→ Instructions to follow:
Exact copies of all the lines below are needed, without the pictures.

→ Given records:
=== Begin Enclosure ===
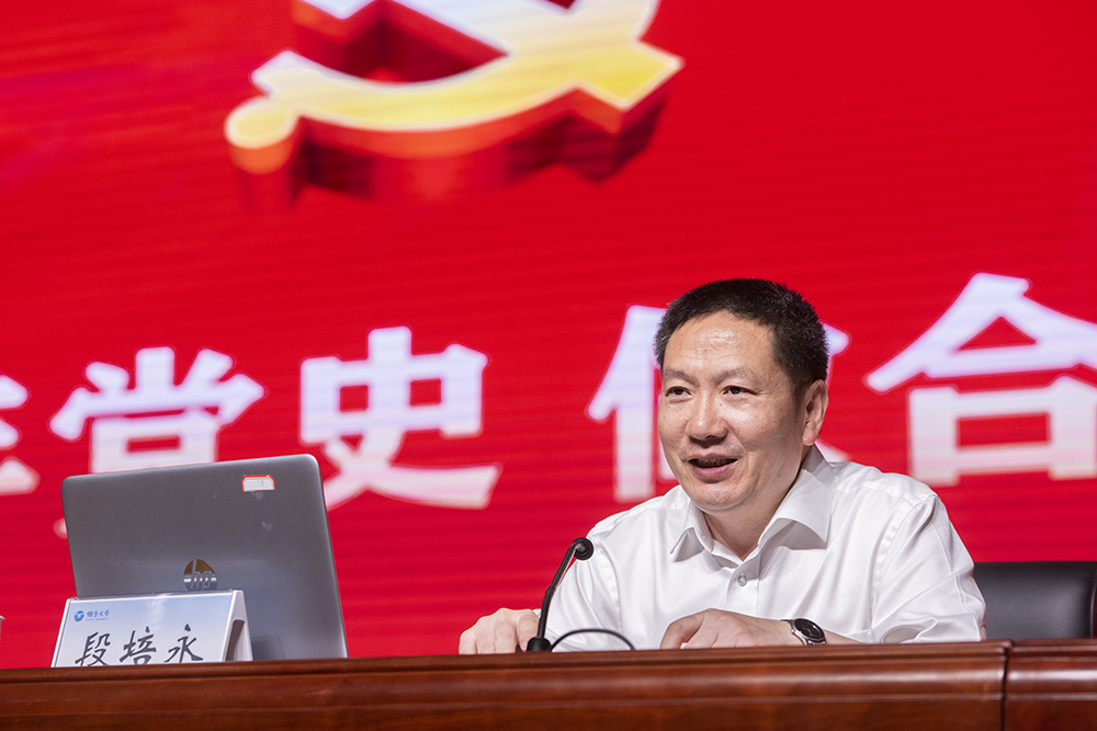 作为一名校长、作为一名老党员,段培永勉励同学们,一是在党史学习中坚定理想信念、提高党性修养。要紧密团结在党中央周围,增强自身社会责任感和历史使命感,将个人理想同中华民族伟大复兴中国梦结合起来,在新时代舞台上建功立业,在不懈奋斗中书写人生华章。二是在党史学习中磨砺意志品质、锤炼品格修养。要从革命前辈身上汲取前进动力,不断提高政治判断力、政治领悟力、政治执行力,把蕴含在党史中的光荣传统和优良作风转化为砥砺政治品格的行动自觉。三是在党史学习中汲取奋进力量,践履知行合一。要以知促行,以行践知,把学习成效转化为工作动力和成效,在实践中摔打磨练,在为群众办实事中增长才干。段培永语重心长地说,学习党的历史,是为了继续开拓前进、更好走向未来。作为与新时代同向同行、共同前进的一代,生逢盛世,也肩负重任。希望同学们在实现中国梦的伟大实践中创造自己的璀璨人生。做乘风破浪的sunbet申搏人,做披荆斩棘的新青年,做中国特色社会主义合格建设者和可靠接班人。
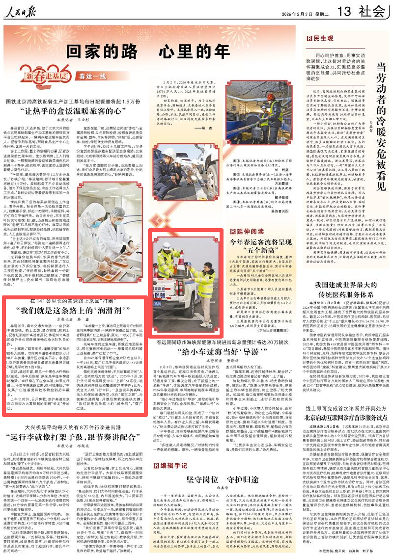 2月3日,《人民日?qǐng)?bào)》頭版報(bào)眼欄目刊發(fā)“春運(yùn)首日的四組鏡頭”(新春走基層)圖文報(bào)道,并在第13版“回家的路 心里的年”(新春走基層·春運(yùn)一線)刊發(fā)了京滬分公司春運(yùn)保通保暢工作的綜合稿件。
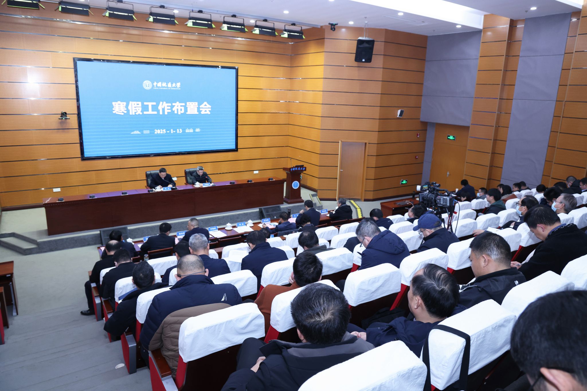地大新聞網訊 (記者 孫彥欽)1月13日,我校寒假工作布置會在南望山校區教學綜合樓舉行。在校校領導,黨委常委,校長助理,全體中層干部參加會議。校黨委書記劉杰主持會議。
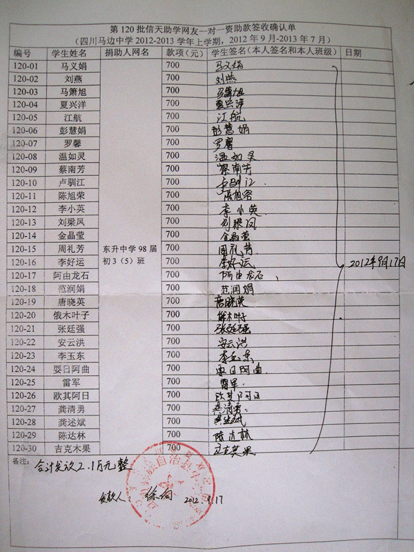 备注:120-03马箫旭因跟着老师外出参加培训学习,待回校后,再发资助金。(在此期间资助款700元由徐向暂为保管)
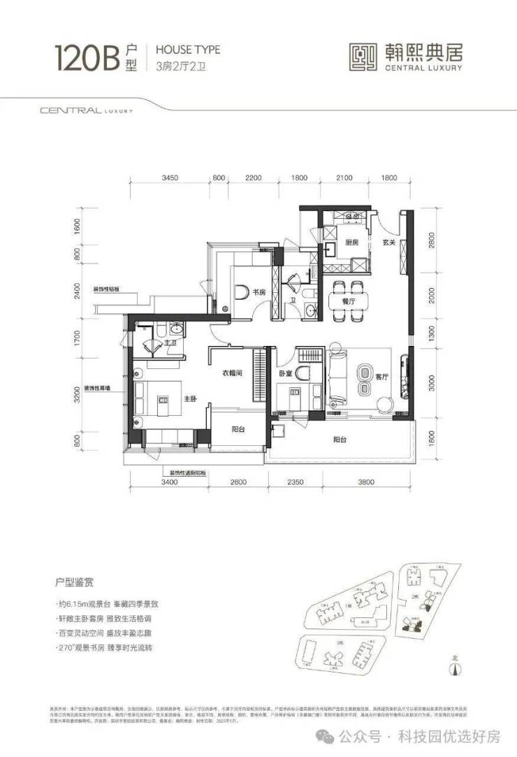 ③120平四房两厅两卫B户型:约1164-1291万,9.1-10.8万/㎡
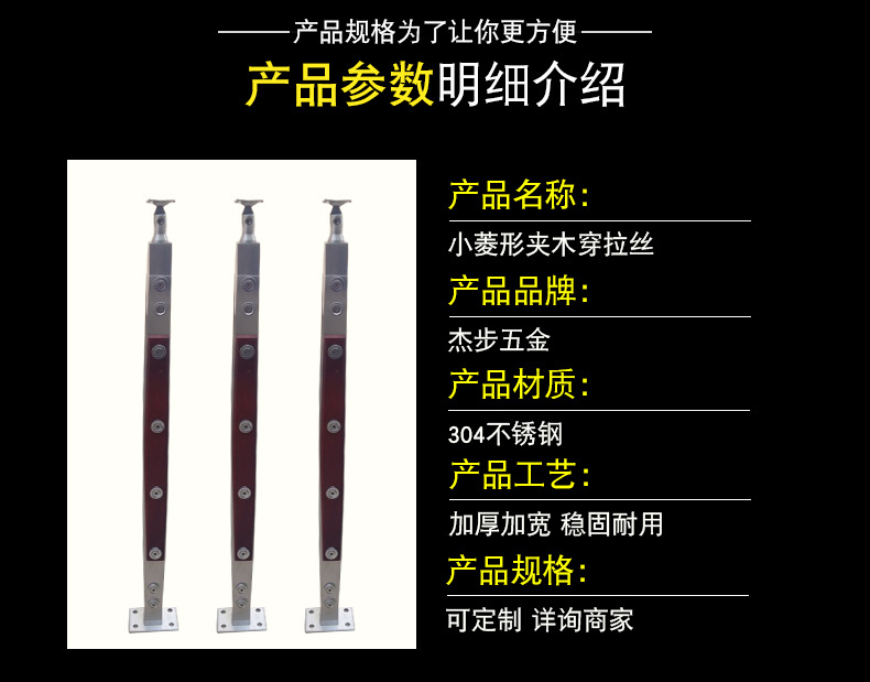 不锈钢穿管立柱。柱身有穿管卡子,常见是4个穿孔,一般穿12mm、14mm、16mm、19mm的小管。
=== End Enclosure ===
→ Task response:
 作为一名校长、作为一名老党员,段培永勉励同学们,一是在党史学习中坚定理想信念、提高党性修养。要紧密团结在党中央周围,增强自身社会责任感和历史使命感,将个人理想同中华民族伟大复兴中国梦结合起来,在新时代舞台上建功立业,在不懈奋斗中书写人生华章。二是在党史学习中磨砺意志品质、锤炼品格修养。要从革命前辈身上汲取前进动力,不断提高政治判断力、政治领悟力、政治执行力,把蕴含在党史中的光荣传统和优良作风转化为砥砺政治品格的行动自觉。三是在党史学习中汲取奋进力量,践履知行合一。要以知促行,以行践知,把学习成效转化为工作动力和成效,在实践中摔打磨练,在为群众办实事中增长才干。段培永语重心长地说,学习党的历史,是为了继续开拓前进、更好走向未来。作为与新时代同向同行、共同前进的一代,生逢盛世,也肩负重任。希望同学们在实现中国梦的伟大实践中创造自己的璀璨人生。做乘风破浪的sunbet申搏人,做披荆斩棘的新青年,做中国特色社会主义合格建设者和可靠接班人。
 2月3日,《人民日?qǐng)?bào)》頭版報(bào)眼欄目刊發(fā)“春運(yùn)首日的四組鏡頭”(新春走基層)圖文報(bào)道,并在第13版“回家的路 心里的年”(新春走基層·春運(yùn)一線)刊發(fā)了京滬分公司春運(yùn)保通保暢工作的綜合稿件。
地大新聞網訊 (記者 孫彥欽)1月13日,我校寒假工作布置會在南望山校區教學綜合樓舉行。在校校領導,黨委常委,校長助理,全體中層干部參加會議。校黨委書記劉杰主持會議。
 备注:120-03马箫旭因跟着老师外出参加培训学习,待回校后,再发资助金。(在此期间资助款700元由徐向暂为保管)
 ③120平四房两厅两卫B户型:约1164-1291万,9.1-10.8万/㎡
 不锈钢穿管立柱。柱身有穿管卡子,常见是4个穿孔,一般穿12mm、14mm、16mm、19mm的小管。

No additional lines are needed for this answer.